Those of us who teach math are used to hearing two things when we inform anyone of our profession: “I hated math when I was in school” and “I was no good at math when I was in school.” Sometimes both. I sympathize. Math as it’s currently taught deserves to be hated and doesn’t deserve to be learned.
By the time a typical student graduates from high school, he or she has solved hundreds of quadratic equations, graphed scores of hyperbolas, used the phrases “alternate exterior angles” and “alternate interior angles” countless times, and drawn 30-60-90 triangles until his or her fingers were ready to fall off. Why do we make students do so much of these particular topics?
Some people probably think that it’s a natural decision: that’s just what math is, isn’t it? But there are vast landscapes of math that our current curriculum avoids entirely: topology, logic, combinatorics, graph theory, group theory, and many more. Most folks who don’t major in math in college will probably never know that most of these fields exist. They are not too hard to teach to children. Indeed there are children’s books out there which give introductions to all of these topics at levels that children can understand. There are even a few private schools that teach kids this stuff, starting in elementary school.

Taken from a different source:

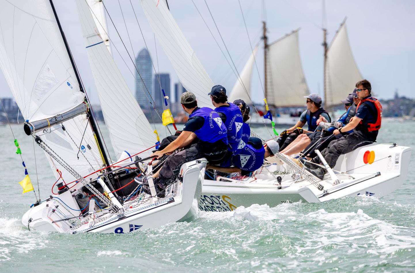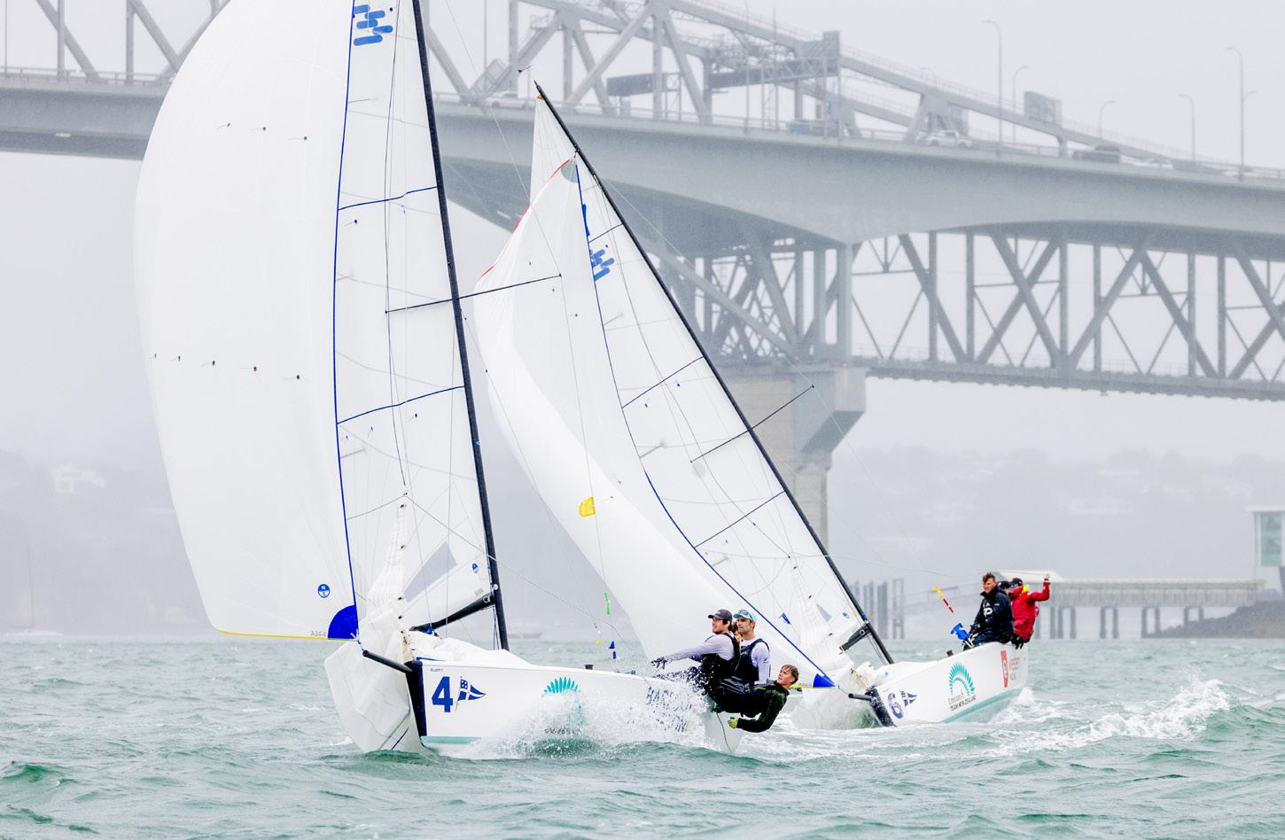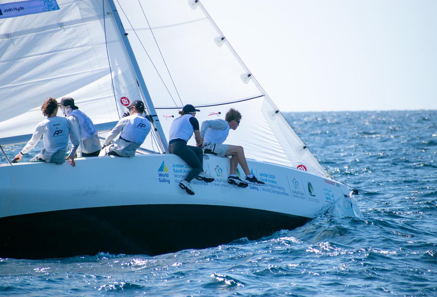 The RNZYS-KSA collaboration saw Sam Scott, Luca Smith, and Phoebe Buckland join KSA helm Saleh Alhawil and Battal Alsultan. Though the KSA team didn’t notch a win, their rapid development in match racing was a victory in itself. RNZYS Head Coach Zak Merton praised their progress: “Four months ago, they had never match raced before. They were always in the action, keeping teams on their toes.”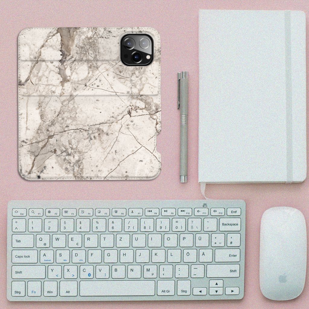 Dit design hoesje met Marmer Beige is voor de artistieke personen onder ons. De Grieken en Romeinen wisten het steen al te waarderen door het als bouw- en bekledingsmateriaal toe te passen. Naast het witte Carrara marmer met haar zacht grijze geaderde belijning zijn de diverse marmersoorten in een ruim kleurenpallet te krijgen. We hebben verschillende kleuren op design hoesjes gezet, zoals in dit geval beige marmer. Dit is een iPhone 14 Pro Max Standcase met marmer in beige kleur. Het marmer wordt bedrukt op alle zijden van een stand case, die beschikt over 1 vakje voor een pasje en toebehoren en een magnetische sluiting aan de binnenkant. Verder heeft de case een houder van TPU. De rijkheid aan kleuren en varianties in afwerking geeft designers de vrijheid om met marmer hele mooie architectonische projecten te realiseren. Wij hebben onze designer ook veel vrijheid gegeven. Het resultaat zie je terug in deze stand case met beige marmer, dat de ideale bescherming voor jouw smartphone biedt.

So why does the mainstream education system remain stuck with parabolas and polynomial long division? Bluntly, that’s what was chosen generations ago, and it hasn’t changed since then. (It’s changed a little, I suppose, but not much.) In the industrial revolution, people who worked with their brains needed to solve polynomials by hand and do other suck tasks, so we taught kids how to do that. Today technology has changed everything and the demands and scientists and engineers are totally different. Entire new fields, such as computer programming, have come into existence. We still prepare kids to meet the needs of the 19th century.
Some will say that it’s still important to teach kids how to do everything by hand, even if we have technology that can do it for them. Supposedly the skills are still important. But as a broad statement, this simply isn’t true. Take polynomial long division, the biggest waste of time in any pre-calculus class. Even if a child truly understands what it is, what it’s supposedly to accomplish, and how to do it, it’s still a dead end that does not lead the way to any other useful skills in math.
Math could be and should be an immense amount of fun. It would be if we expanded the curriculum to include other areas of math. Even among students not inclined towards enjoying math, the mere presence of variety and absence of endless repetition would spark their interest.